Önce diş uyuşturulur, çekilir. Bir süre bir şey hissetmeyiz. Zamanla narkozun etkisi geçtikçe hafif sızı başlar. Sonrasında ağzın içinde derin bir boşluk hissi. İlk etapta o boşlukla nasıl yaşayacağımızı bilemeyiz. Ona alışmak zordur. Sonra yavaş yavaş vücudumuza bütünlük sağlar o boşluk, adeta bir parçamız haline gelir. Sonra o kadar alışırız ki adeta hep varmış, o diş hiç olmamış gibi yaşarız. Ara ara bir şeyler yediğimizde, içtiğimizde beklenmedik bir sızı olur ama hızlıca geçer. Nasılsa alışmışızdır artık.
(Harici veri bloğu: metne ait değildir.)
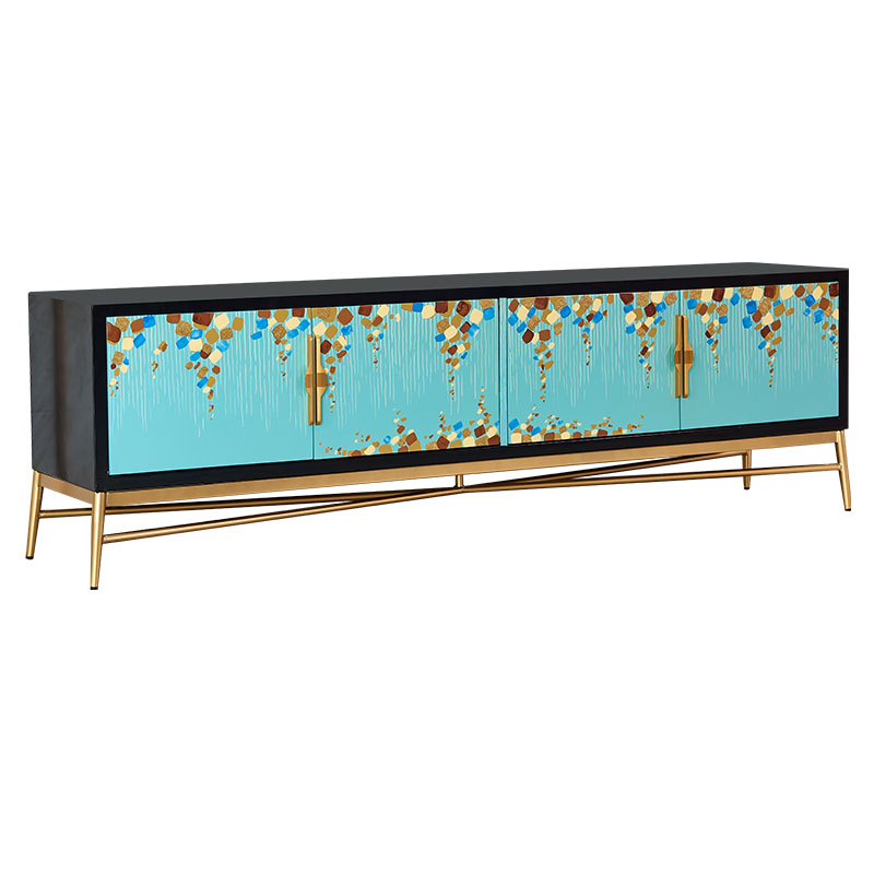 2022 post-modern living room French light luxury retro blue furniture luxury TV locker base cabinet background wall cabinet

İşte aşk da böyle bir acı, böyle bir boşluk hissi yaratır insanda. Önüne geçilse, önlem alınabilse daha mı farklı olurdu diye sorgulatır bazen. Oysa yaşanması gereken hiçbir şeyin önünde durulamadığı gibi, bunun da önünde durulamaz.
Ne demiş A. Kadir:
“Başımıza gelen bütün bu şeyler,
Dünyada olmamaktan daha iyi.
Hem bizim için hasret falan da neymiş ki?
Sen orada yıldızlara bakar dalarsın,
Ben burada cigaramı yakar dalarım.
İşte olur biter.”
Yine de bu duyguyu tadabildiğimiz için şükredip, kendimizi şanslı sayar ve “Dünyada olmamaktan daha iyi” dersek, işte olur biter…
Ancak, bu acıyı derinden yaşayanlar bilir; şu soruyu sorarız sanırım, bu acının geçmesi için bir acil yardım kutusu var mı? Galiba en doğrusu herkesin reçetesini kendisinin hazırlaması bu süreçte. Acılar paylaşıldıkça azalır elbet ama o boşluğu yine aşk ve sevgi ile doldurmak da bizim elimizde. Kendine inanmak, hayata hala iyimserlik penceresinden bakabilmek daha iyi gelmez mi? Denemekte fayda var sanırım.
Peki sizce yaşadığımız bu acının kaynağı, derin boşluk mu? Yaşamadıklarımıza duyduğumuz özlem mi? Hayal kırıklığı mı? Ya da yeniden birini sevebilmeye olan inanç kaybı mı? Ya da -nesiller boyu çözülememiş bu duygu durumuna- şimdi burada cevabı bulmak bize bir çözüm olacak mı?
Mühim olan cevabı bulmak değil sanki, panzehri bulmak, bu güzel duyguları yine de unutmadan yaşamak, yeni gelecek aşka hazır olmak. Siz ne dersiniz?